Supplied information >>

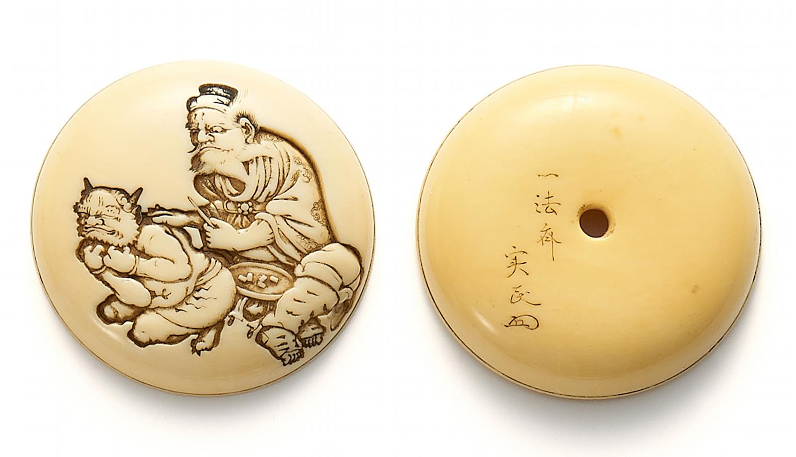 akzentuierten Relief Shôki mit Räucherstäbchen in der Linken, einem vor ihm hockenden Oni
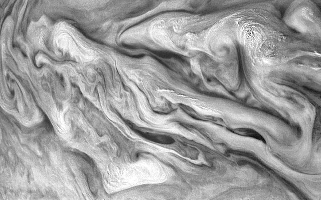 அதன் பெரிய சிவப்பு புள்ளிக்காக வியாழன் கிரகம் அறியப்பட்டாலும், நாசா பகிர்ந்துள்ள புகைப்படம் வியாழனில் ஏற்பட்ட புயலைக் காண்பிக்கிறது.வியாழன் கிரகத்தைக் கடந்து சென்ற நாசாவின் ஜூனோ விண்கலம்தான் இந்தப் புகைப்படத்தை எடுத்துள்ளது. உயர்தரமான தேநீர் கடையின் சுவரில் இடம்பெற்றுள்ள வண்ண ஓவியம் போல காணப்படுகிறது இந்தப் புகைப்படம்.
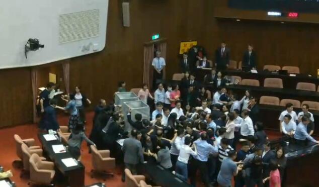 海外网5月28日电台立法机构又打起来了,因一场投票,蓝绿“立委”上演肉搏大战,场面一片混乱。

Exercise >>
Where a picture appears in the data, omit it; restate the rest word for word.

Response to the task >>
 akzentuierten Relief Shôki mit Räucherstäbchen in der Linken, einem vor ihm hockenden Oni
 அதன் பெரிய சிவப்பு புள்ளிக்காக வியாழன் கிரகம் அறியப்பட்டாலும், நாசா பகிர்ந்துள்ள புகைப்படம் வியாழனில் ஏற்பட்ட புயலைக் காண்பிக்கிறது.வியாழன் கிரகத்தைக் கடந்து சென்ற நாசாவின் ஜூனோ விண்கலம்தான் இந்தப் புகைப்படத்தை எடுத்துள்ளது. உயர்தரமான தேநீர் கடையின் சுவரில் இடம்பெற்றுள்ள வண்ண ஓவியம் போல காணப்படுகிறது இந்தப் புகைப்படம்.
 海外网5月28日电台立法机构又打起来了,因一场投票,蓝绿“立委”上演肉搏大战,场面一片混乱。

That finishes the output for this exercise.